WHAT IS EXPECTED: Please print, exactly as written, the line containing "3.原型页面一览无余,画板大小不限,全视图显示所有页面。" and each line after it through the end of the material; pictures stay out.
DATASET RECORDS Block Start
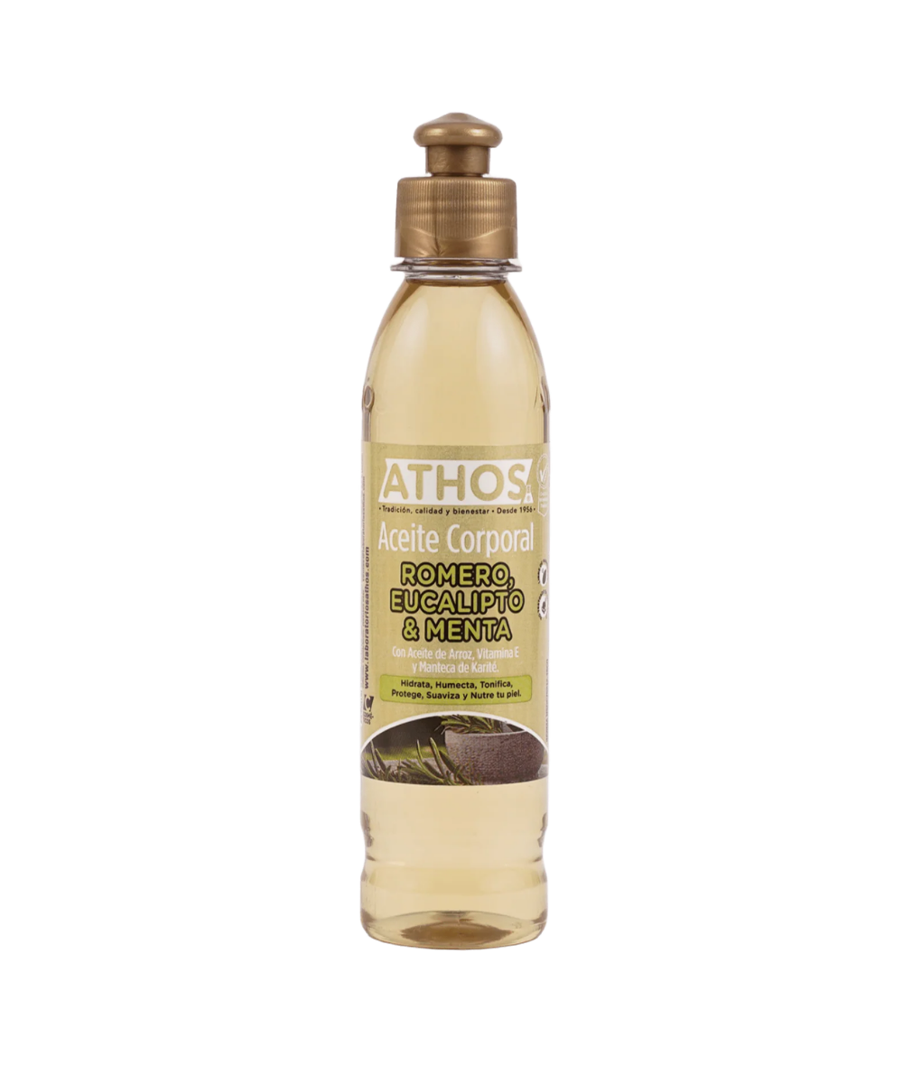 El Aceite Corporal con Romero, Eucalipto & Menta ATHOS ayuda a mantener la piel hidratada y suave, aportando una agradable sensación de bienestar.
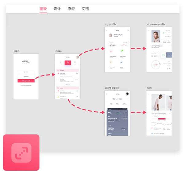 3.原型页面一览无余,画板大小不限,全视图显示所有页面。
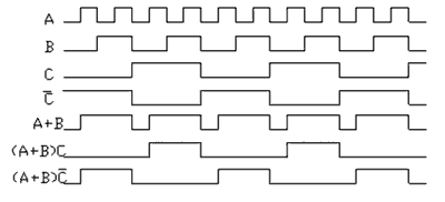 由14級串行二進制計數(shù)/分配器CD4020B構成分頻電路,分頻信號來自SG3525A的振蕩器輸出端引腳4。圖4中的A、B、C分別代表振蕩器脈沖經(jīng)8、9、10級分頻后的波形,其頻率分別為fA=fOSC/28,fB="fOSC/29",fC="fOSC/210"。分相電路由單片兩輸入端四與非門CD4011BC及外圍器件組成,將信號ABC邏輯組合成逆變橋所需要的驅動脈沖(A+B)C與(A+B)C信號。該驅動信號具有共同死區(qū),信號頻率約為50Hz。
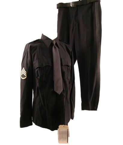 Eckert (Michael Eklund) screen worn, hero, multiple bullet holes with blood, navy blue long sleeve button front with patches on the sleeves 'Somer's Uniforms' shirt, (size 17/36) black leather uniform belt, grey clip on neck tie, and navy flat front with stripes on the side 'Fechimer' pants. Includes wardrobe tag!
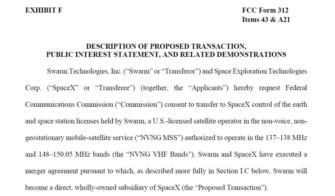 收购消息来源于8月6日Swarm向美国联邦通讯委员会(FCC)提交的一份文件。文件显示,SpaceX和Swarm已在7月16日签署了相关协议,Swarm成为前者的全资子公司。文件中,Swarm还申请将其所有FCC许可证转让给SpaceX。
DATASET RECORDS Block End
SOLVED EXERCISE:
 3.原型页面一览无余,画板大小不限,全视图显示所有页面。
 由14級串行二進制計數(shù)/分配器CD4020B構成分頻電路,分頻信號來自SG3525A的振蕩器輸出端引腳4。圖4中的A、B、C分別代表振蕩器脈沖經(jīng)8、9、10級分頻后的波形,其頻率分別為fA=fOSC/28,fB="fOSC/29",fC="fOSC/210"。分相電路由單片兩輸入端四與非門CD4011BC及外圍器件組成,將信號ABC邏輯組合成逆變橋所需要的驅動脈沖(A+B)C與(A+B)C信號。該驅動信號具有共同死區(qū),信號頻率約為50Hz。
 Eckert (Michael Eklund) screen worn, hero, multiple bullet holes with blood, navy blue long sleeve button front with patches on the sleeves 'Somer's Uniforms' shirt, (size 17/36) black leather uniform belt, grey clip on neck tie, and navy flat front with stripes on the side 'Fechimer' pants. Includes wardrobe tag!
 收购消息来源于8月6日Swarm向美国联邦通讯委员会(FCC)提交的一份文件。文件显示,SpaceX和Swarm已在7月16日签署了相关协议,Swarm成为前者的全资子公司。文件中,Swarm还申请将其所有FCC许可证转让给SpaceX。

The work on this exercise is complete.